Before Roe v. Wade, Catholic leaders were more vocal about their opposition — but rank-and-file evangelicals mostly agreed with them.

- May 17, 2022

A recently leaked draft opinion suggested that the Supreme Court will soon overturn Roe v. Wade, the 1973 decision that established a woman’s right to an abortion. To get here, evangelical leaders and voters have spent 50 years pushing Republicans to support conservative justices and to promote policies that would curtail or outlaw abortion.

But how did evangelicals become so opposed to abortion rights? Observers often note that before Roe v. Wade, opposition to abortion rested primarily in Catholic circles. By the late 1970s, however, evangelical leaders like Jerry Falwell, Pat Robertson, and their politically allied operatives reacted to and fomented a post-Roe backlash that shifted evangelical opinion on abortion from diverse to conservative. These activist-leaders then mobilized evangelicals to get involved in politics.

While true, this narrative, however, misses an important point: Evangelicals emerged as a prominent conservative voice on abortion because ordinary evangelicals — the people who filled the pews on Sundays — held some of the most conservative abortion attitudes in the pre-Roe United States. Indeed, contrary to popular belief, everyday evangelical Protestants were as conservative on abortion as Catholics in pre-Roe America. This conservative sentiment predated the Religious Right or the emergence of abortion as a widely debated political issue.

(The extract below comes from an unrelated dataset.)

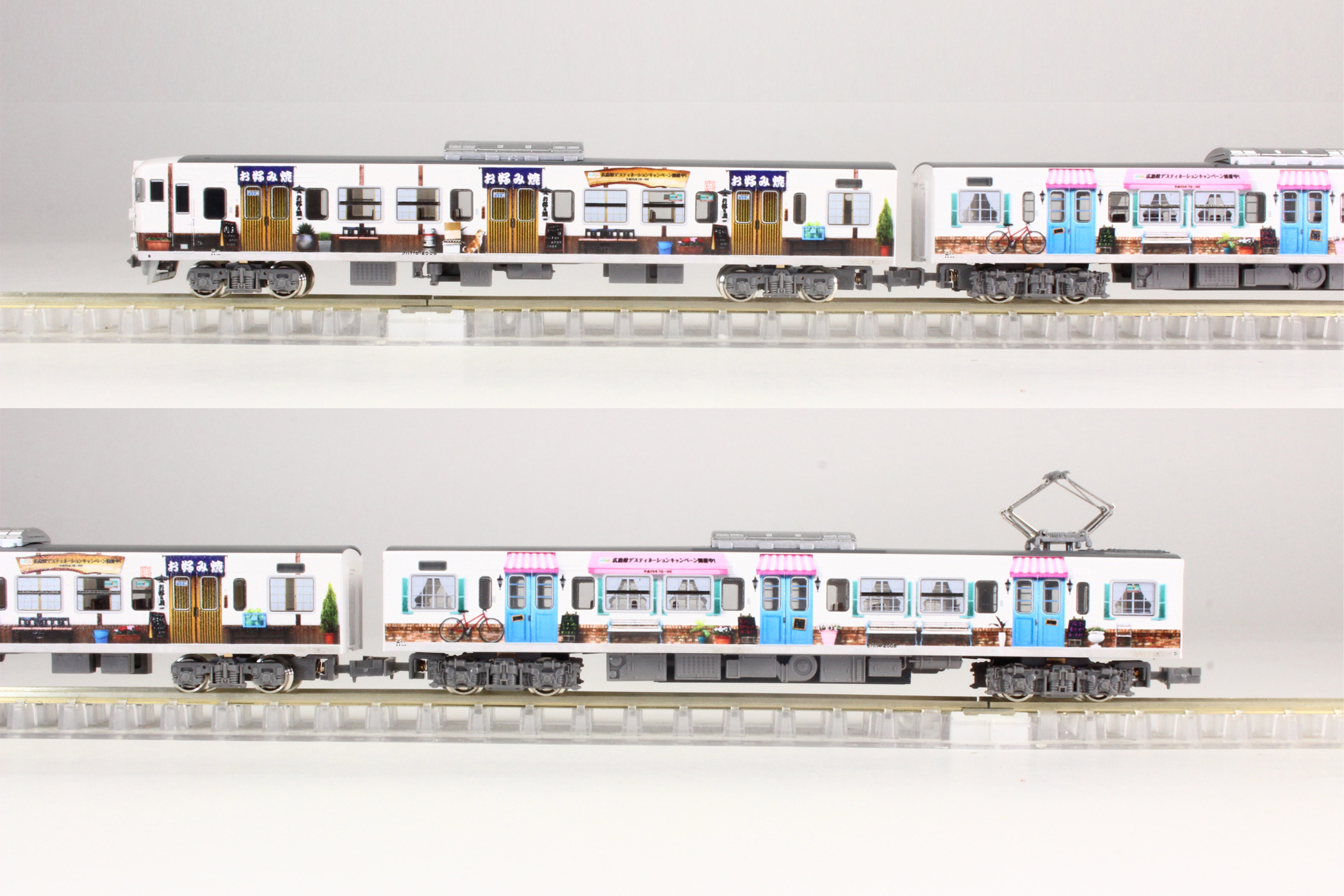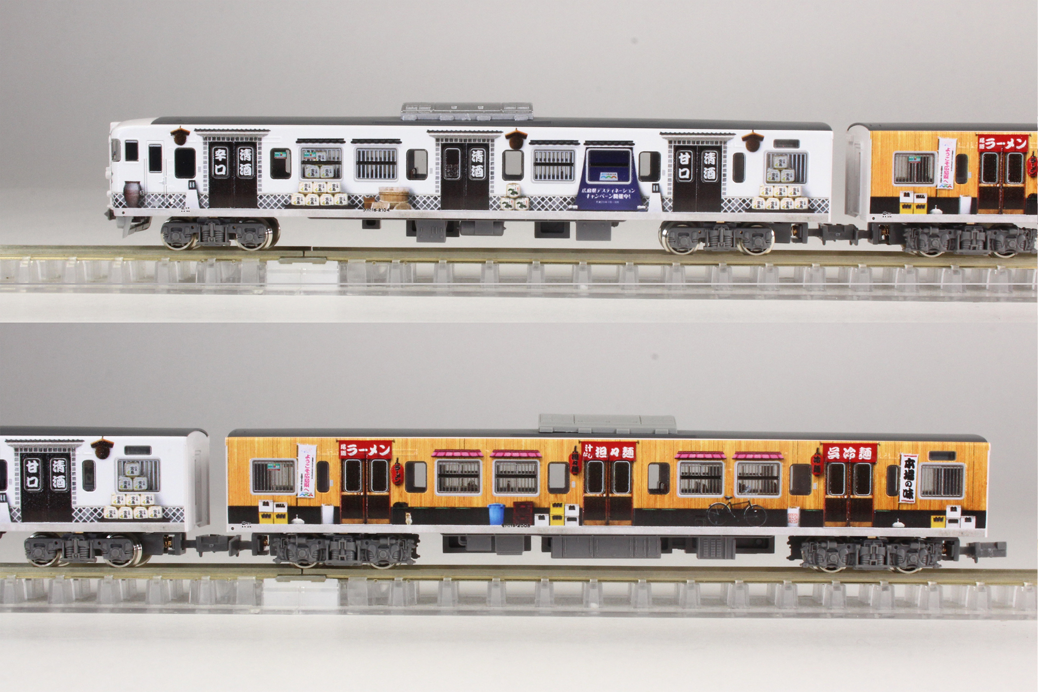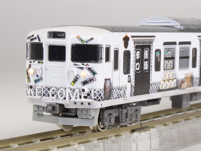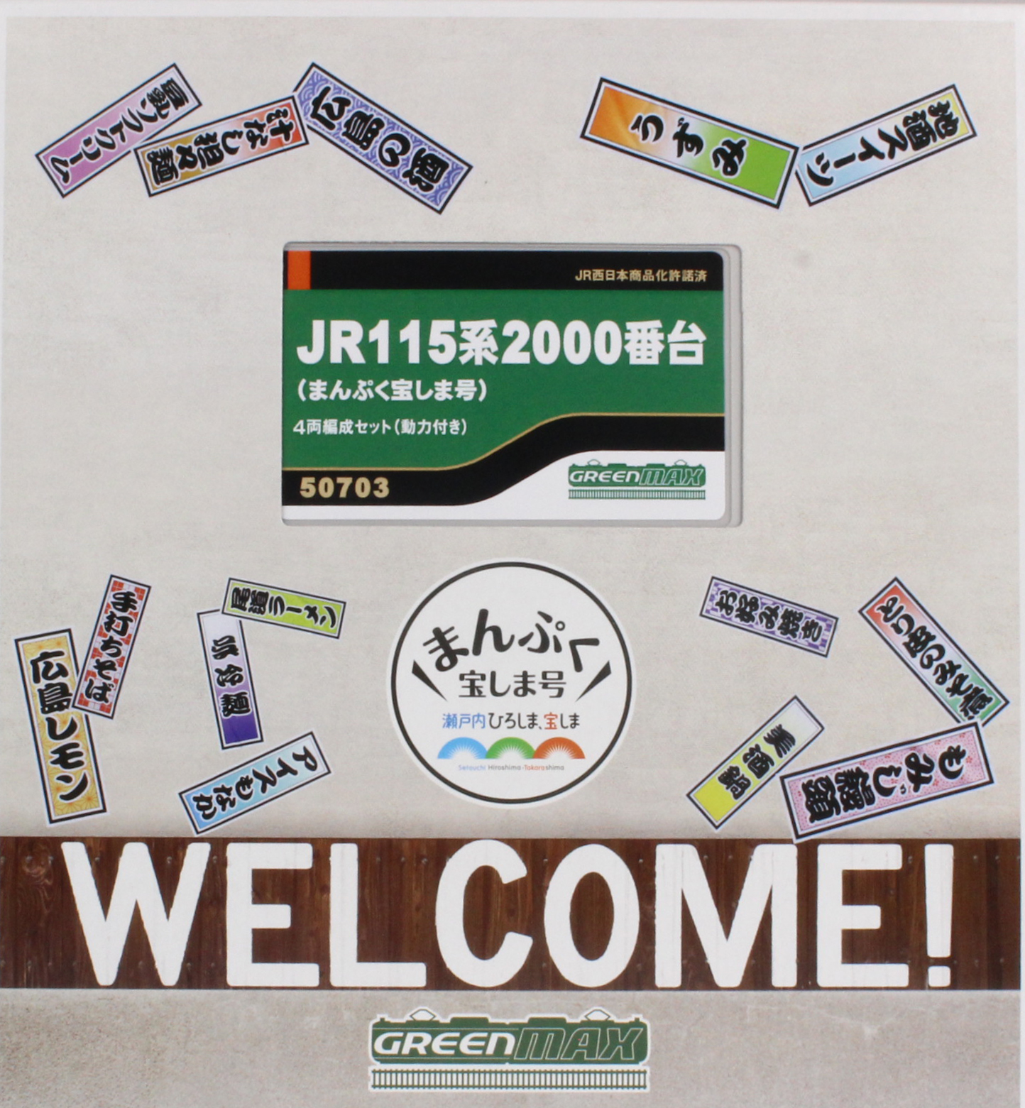 「まんぷく宝しま号」は2013(平成25)年7月から9月まで開催された広島県デスティネーションキャンペーンの一環として、広島の食をテーマにお好み焼き、スイーツ、ラーメン、酒蔵が115系L-12編成にラッピングされた車両です。山陽本線三石〜下関間、呉線、可部線で運転されました。

Evangelical leaders held a variety of abortion views in the 1960s and early 1970s

It is true that in the 1960s and early 1970s, many prominent evangelical leaders were either silent about or supported moderate to liberal abortion policies, while Catholic leaders were actively and vocally opposed. For example, the Southern Baptist Convention, the largest Protestant denomination and center of Protestant evangelicalism at the time, endorsed a series of moderate abortion positions in the early 1970s. And W.A. Criswell, a former president of the Southern Baptist Convention (SBC) and later a leading figure in the conservative takeover of the SBC, initially expressed sympathy for Roe.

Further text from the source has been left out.